Zweifel went on to cover, in 2021, the signing of a state law that requires all public bodies that have a website to post the minutes of any meeting within two weeks of that meeting online; two state bills that would reduce government opacity; in 2022, the failure of the Albany County Board of Elections to comply with FOIL requests; volunteers, including Robyn Gray of Guilderland, who serve on the Coalition for Open Government’s Capital Region advisory council; and in 2024, four bills that would increase the strength of New York State’s Freedom of Information Law.
“The Altamont Enterprise is honored to be recognized for its coverage of government transparency and its attempts to educate readers on the laws that are in place to keep them informed, hold public officials accountable to those laws, and expose the many gaps in the state’s enforcement,” Zweifel said in a statement, accepting the Open Government Champion award for The Enterprise.

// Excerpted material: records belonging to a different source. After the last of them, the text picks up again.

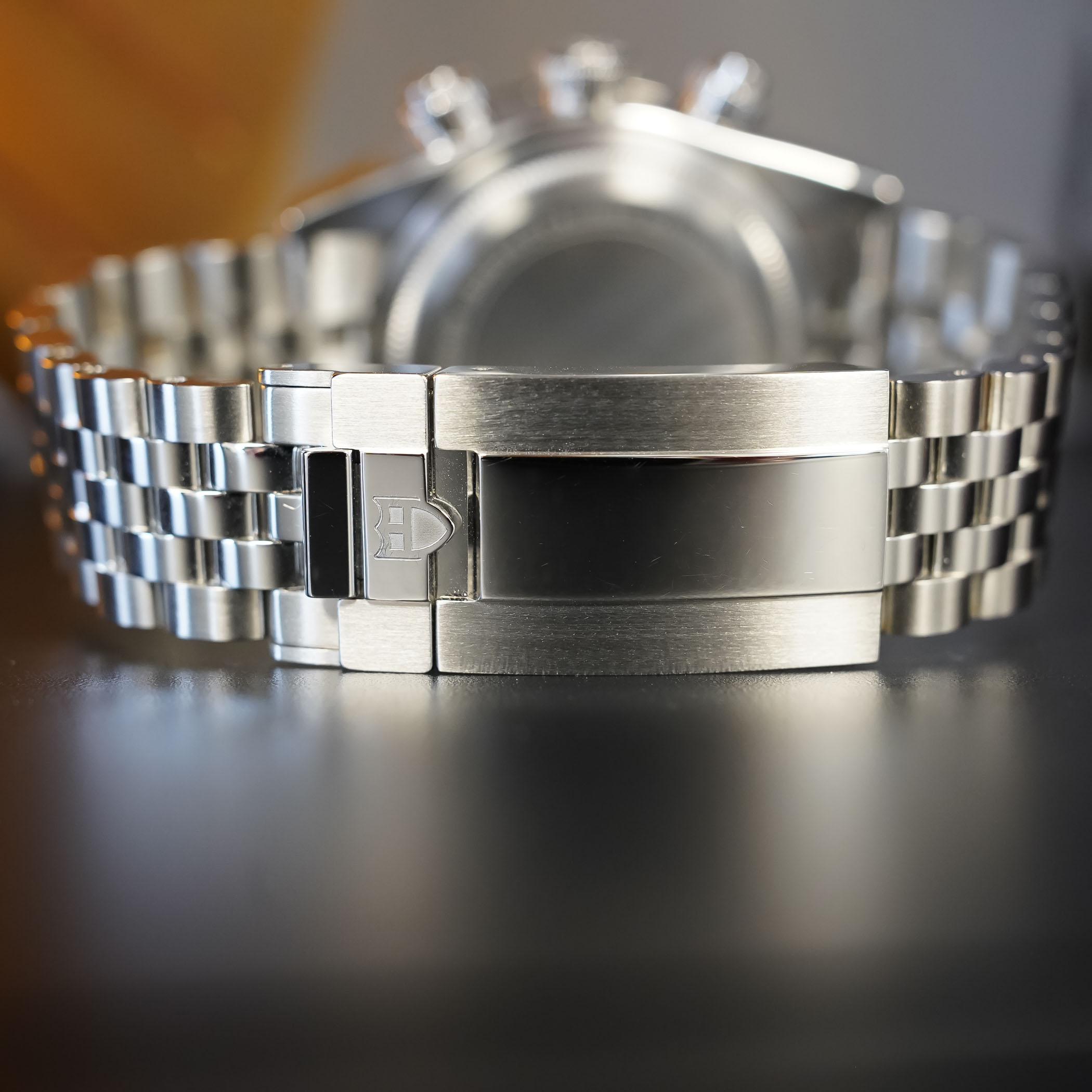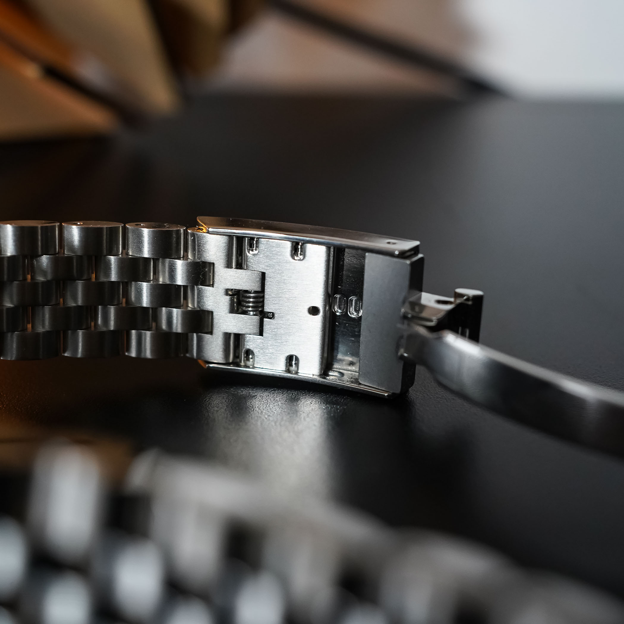 The final specificity of this Blue chrono is the bracelet. Contrary to the panda models, but like the Pink edition or the recently revised versions of the Black Bay, it is worn on a 5-link Jubilee-style bracelet – no other option available, no additional strap included. This Jubilee bracelet, in my opinion, benefits both the looks and the comfort. It adds a cool retro touch to the watch, and mostly, it is far more flexible and soft than the Oyster bracelet. And it comes with the T-Fit micro-adjustment folding clasp, allowing for an instant adjustment of the total length of the bracelet along a window of 8mm on 5 steps.
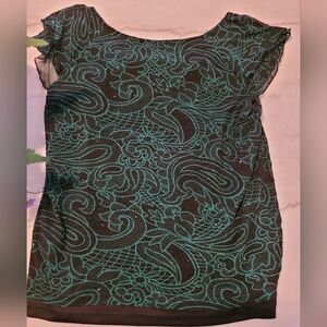 Sara Michelle Black and Green Ruffled Sequin Blouse Size Medium
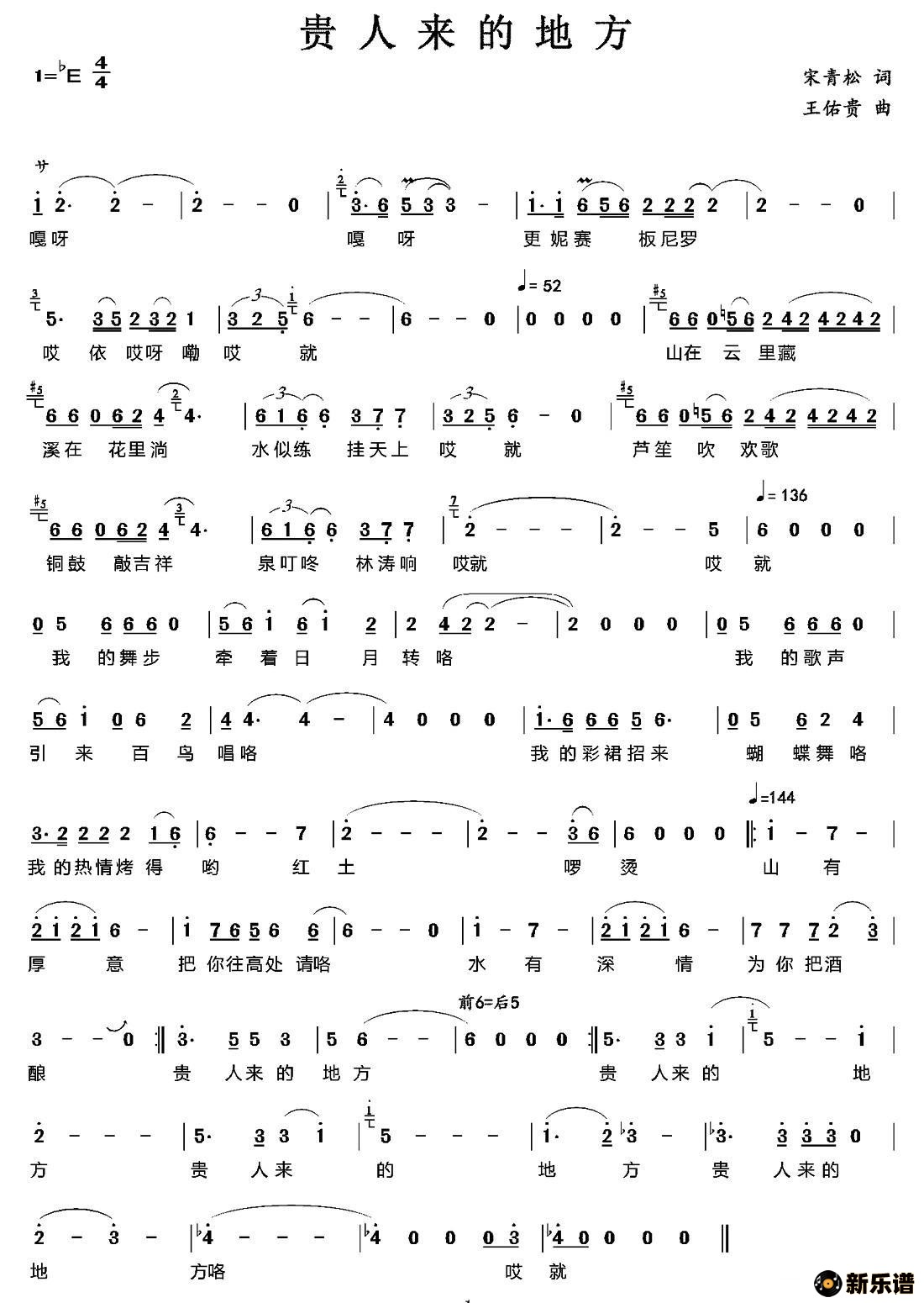 王佑贵演唱的贵人来的地方歌词,贵人来的地方简谱.
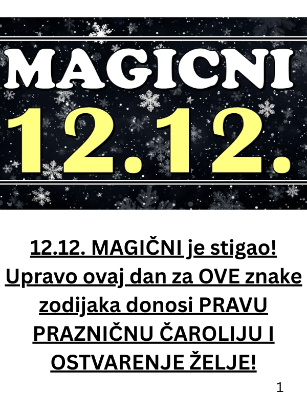 Za neke od njih, 12.12. biće prava praznična čarolija, puna prilika koje ne treba propustiti. U ovom članku ćemo se fokusirati na to koji su to znakovi koji će osetiti najjaču snagu ovog dana i šta ih tačno očekuje.
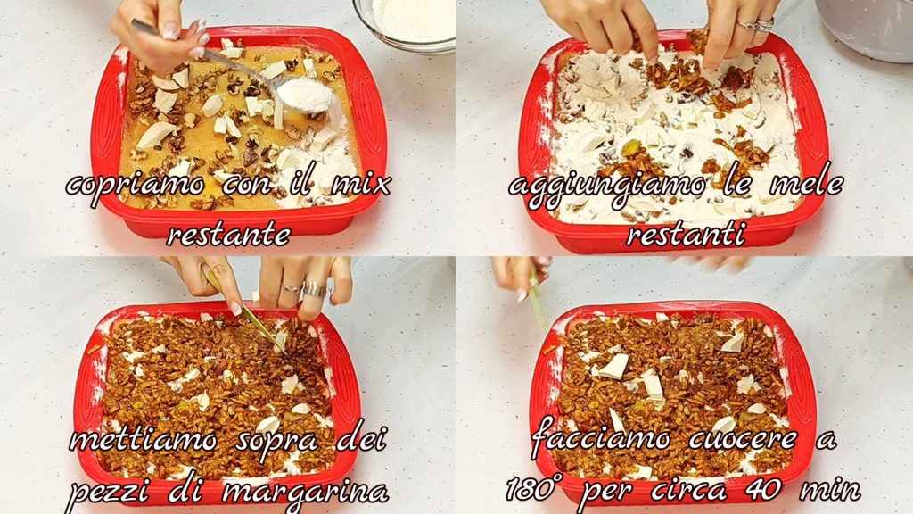• Couvrons avec le mĂ©lange de poudres restant, les pommes restantes, encore quelques morceaux de margarine et faisons cuire Ă  180° pendant environ 40 min.
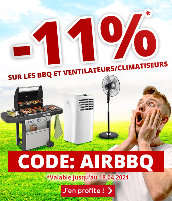 *Valable uniquement jusqu'au 18.04.2021, une seule fois pour une seule personne : rabais de 11% sur tous les articles des rubriques «Grillades & barbecue» et «Ventilateurs & climatiseurs» de la boutique en ligne VEDIA www.vedia.ch, y compris sur les articles à prix réduits. Le montant ne peut être remboursé en liquide, ni crédité sur un compte, ni cumulé avec d'autres actions. Le rabais n’est pas valable sur les frais de port, de livraison et d’assurance. Merci d'indiquer le code du rabais AIRBBQ lors de la commande. Le rabais n'est valable que pour les commandes passées par Internet sur www.vedia.ch.
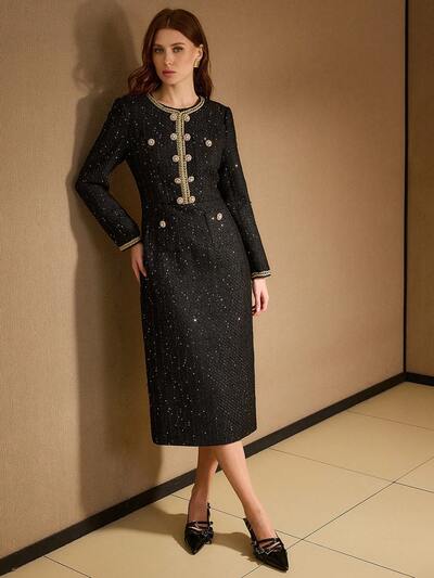 Sukienka midi z tweedowymi cekinami, kontrastową taśmą, kryształkami i detalami ze sztucznych pereł
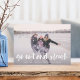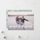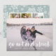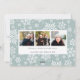 O cartão com fotos de feriado festivo apresenta sua foto favorita horizontal ou orientada à paisagem em cheio sangrando, com "saia e trenó" sobreposto em tipografia branca de pincel com letra branca. Personalize a frente do cartão com seus nomes e mensagens de feriado curtas, e adicione três fotos adicionais no verso em um layout de colagem em um fundo com padrão de floco de neve verde-claro, juntamente com uma mensagem pessoal personalizada. Para um vazio de volta, simplesmente exclua os modelos de fotos e a camada branca matte.
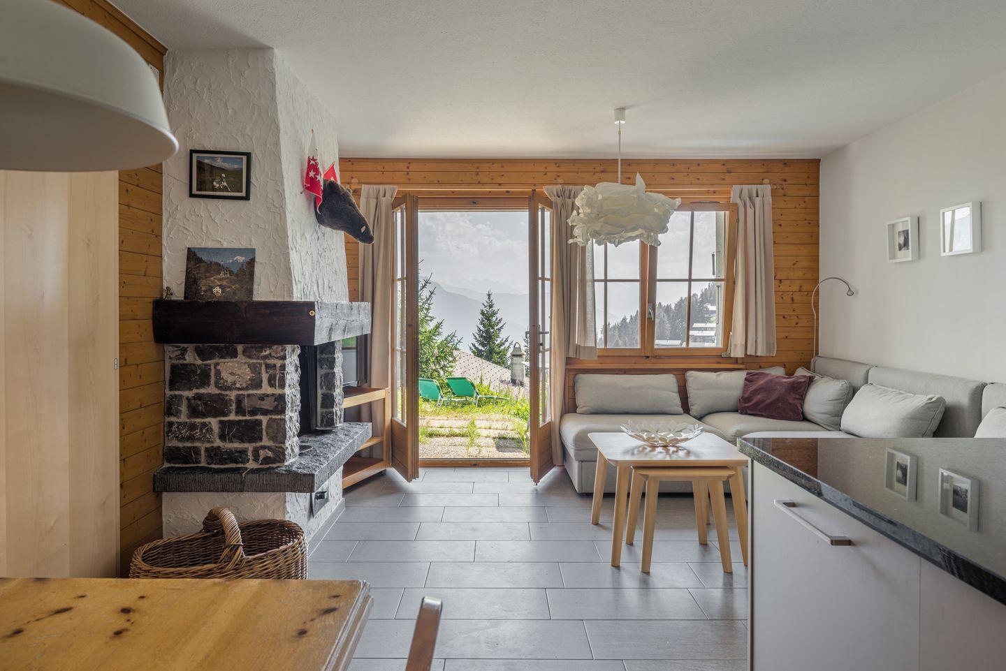Das Haus richtet sich mit dem Sitzplatz nach dem ruhigen Süden, mit freier Aussicht auf die gegenüberliegenden Berge bis hin zu den Walliser Alpen.
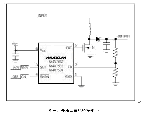 有些設計者為了追求較高的轉換效率, 選擇了升壓方式,產生一組高于輸入的穩定輸出, 如圖三的升壓架構。由于功率開關MOSFET是外置的, 可提供較大的輸出功率。在輸出功率許可的條件下,也可以選擇內置MOSFET功率開關的升壓轉換器,如MAX1722, 可有效節省空間、降低成本。
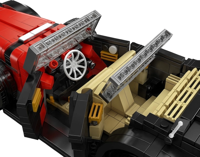Gracias al techo desmontable conviertes fácilmente el coupé en cabrio; las puertas abatibles y el capó del motor revelan más detalles realistas. Los neumáticos de goma, los marcados guardabarros y los faros subrayan el aspecto auténtico. El set es adecuado para adolescentes y adultos que valoran la combinación de diversión de construcción y el valor decorativo del modelo terminado.
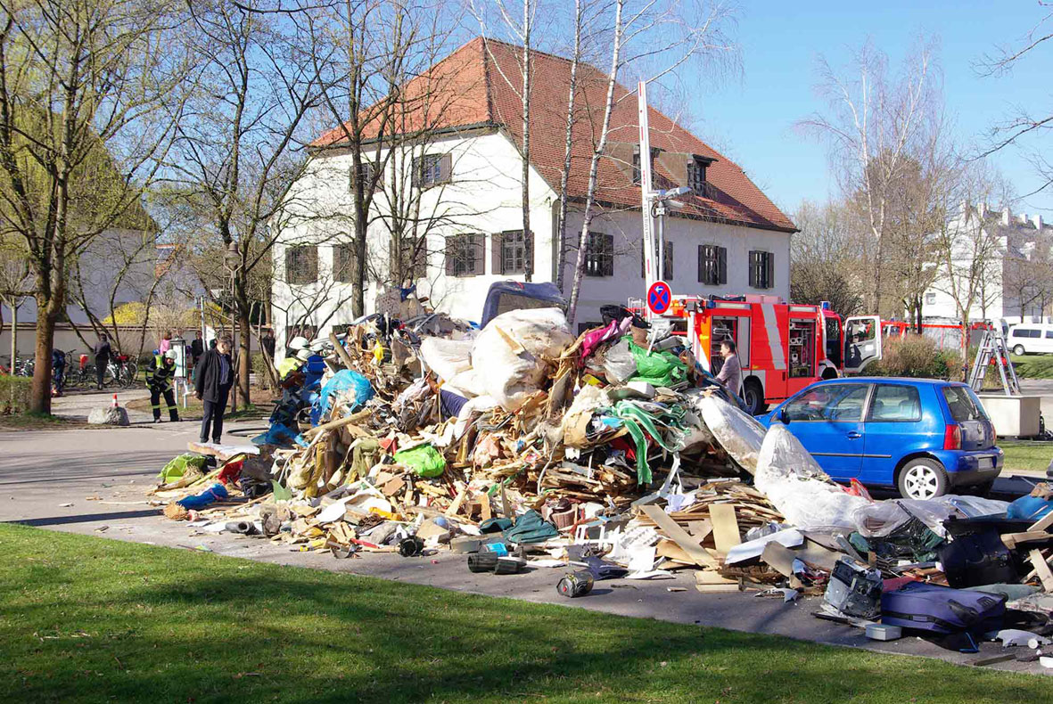 Am Morgen des 29.03.2014 staunten die Mitglieder der Feuerwehr Gräfelfing nicht schlecht als ein Müllfahrzeug unangekündigt vor den Hof der Feuerwehr fuhr und dort umgehend seinen Müll entlud.
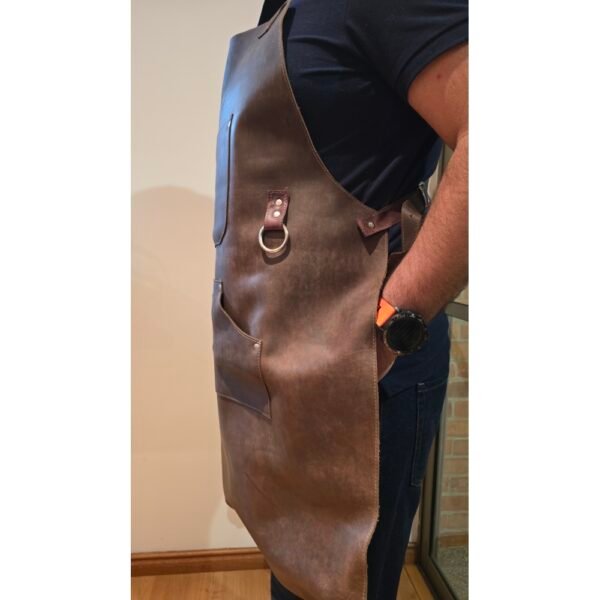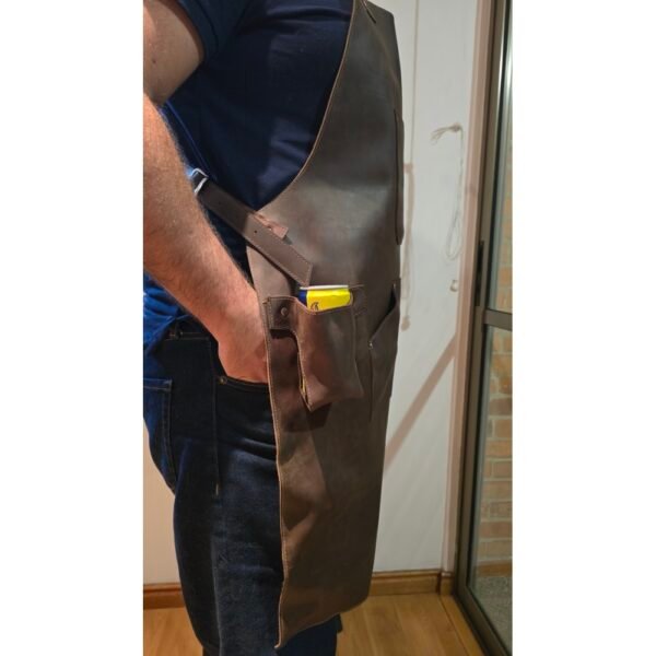 🛡️ Piel Genuina de Alto Calibre: Grueso, flexible y con ese aroma inconfundible a cuero real. Ofrece una barrera térmica natural contra el calor de la parrilla, las salpicaduras de grasa y las chispas del carbón.
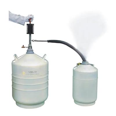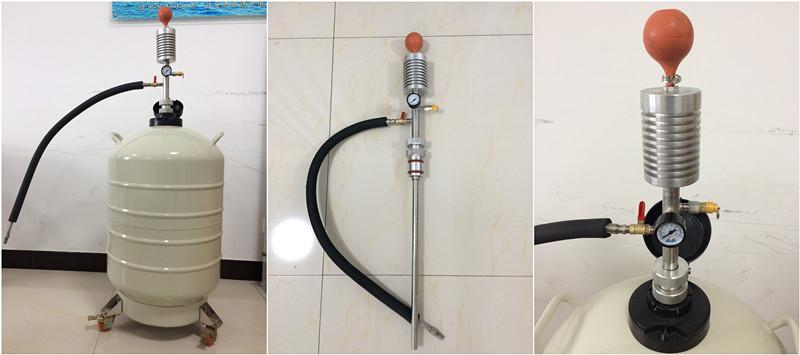 該產(chǎn)品依靠操作者手捏吸液球(ZYB-5型),使液氮容器內(nèi)貯存的液氮少量產(chǎn)生氣化。由于液氮的氣液體積比較大,氣化后的氮氣在密封的容器內(nèi)對盛裝的液氮增壓,促使容器內(nèi)盛裝的液氮排放出來,達(dá)到對其它容器補(bǔ)充液氮的目的。它具有操作方便可靠、排液過程中液氮的蒸發(fā)損失低的優(yōu)點。
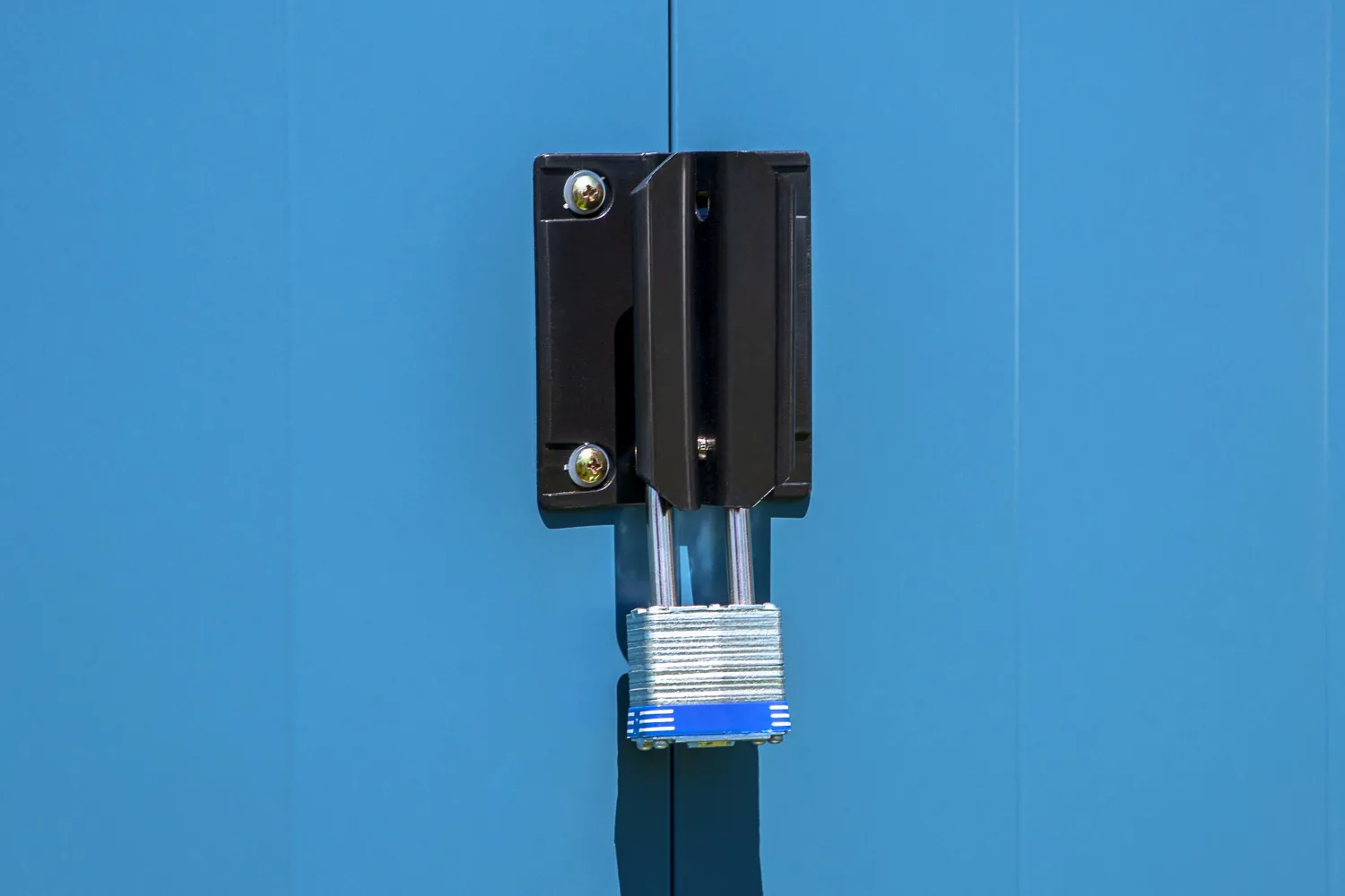 - Pad lockable sliding doors offer security and sit on large glides that prevent sticking and derailing
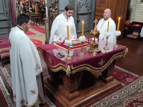 Каћ – У суботу, 9/22. маја 2021 године, житељи Каћа свечано су прославили престони празник храма Преноса моштију Светог оца Николаја. Прослављање празника отпочело је свечаним празничним бденијем, којим је началствовао протонамесник Ђорђе Стојисављевић, војни свештеник и сабрат Светосавског храма у Новом Саду, уз саслужење свештенства наше Епархије. У име присутних, отац Ђорђе је честитао храмовну славу, а протопрезвитер Александар Брашанац, сабрат храма, захвалио је свима на указаној љубави и учешћу у прослави престоног празника Светониколајевског храма.
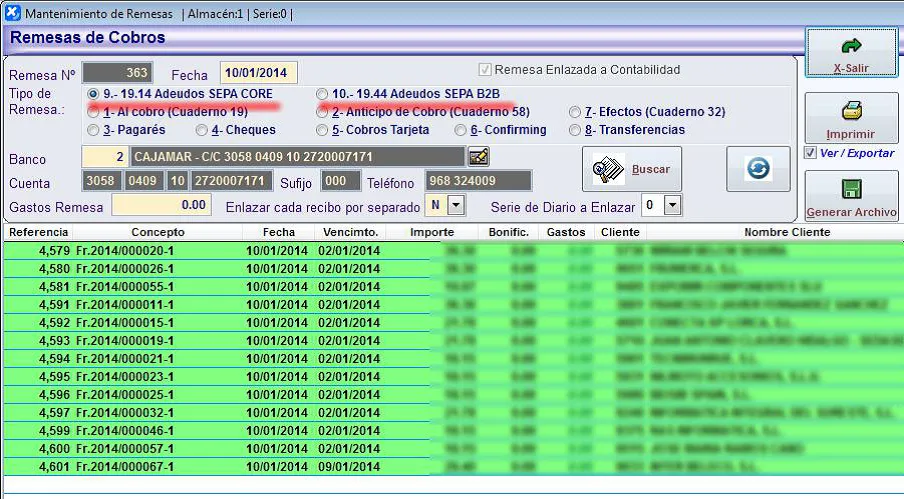 En el formulario de Remesas de Cobros tenemos las nuevas opciones de generar remesas en formatos 19.14 SEPA CORE y 19.44 SEPA B2B.
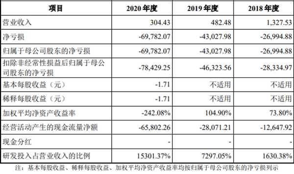 据招股书披露, 2018-2020年,公司分别实现营收1327.53万元、482.48万元、304.43万元;净亏损为2.70亿元、4.30亿元及6.98亿元;扣非净亏损为2.83亿元、4.63亿元及7.84亿元,累计亏损高达15.3亿元。

“This coverage is inspired heavily by the work of the coalition, which has shown time and time again that this issue is not particular to one area but spread across the state and through all levels of government,” he said.
The other seven news organizations to be recognized with the award are:
— The Post-Journal, a daily newspaper covering the area around Jamestown;
— The RiverheadLocal, a digital publication covering Suffolk County;
— Palladium-Times, a daily newspaper covering Oswego County;
— The Mountain Eagle, a weekly newspaper covering Schoharie, Greene, and Delaware counties;
— Lockport Union-Sun & Journal, a daily newspaper,covering eastern Niagara County;
— Adirondack Daily Enterprise, a daily newspaper covering Saranac Lake and Lake Placid; and
— Westmore News, a weekly newspaper covering Port Chester and Rye Brook in Westchester County.
During the online awards presentation, Benjamin Joe, a reporter with the Lockport Union-Sun & Journal, proudly held up what he called a “cheat sheet” that Lockport officials had produced after he challenged them on going into executive sessions improperly, citing the reasons allowed by the state’s Open Meetings Law.
Joe’s editor called the coalition members “freedom fighters for information.”
The coalition also gave two awards to students:
— Holden Velasco, editor of The Knight News of Queens College, who revived the print edition of the student-run publication, which had been online for four years; and
— Adelaide Barlow, who is graduating this June from Corning-Painted Post High School in Corning, New York with an International Baccalaureate diploma.
“Right now, student journalists do not have the same rights,” said Barlow, who is an advocate for the Student Journalist Free Speech Act, which enshrines the Tinker standard for students’ freedom of expression.
In 1969, the United States Supreme Court ruled, in Tinker v. Des Moines, in favor of Mary Beth Tinker, a 13-year-old girl who was suspended from school, with a group of like-minded students, for wearing a black armband to protest the war in Vietnam.
Barlow quoted from the Supreme Court decision that students do not “shed their constitutional rights to freedom of speech or expression at the schoolhouse gate.”
She said that 18 states have passed a free-speech act for student journalists, but New York is not one of them.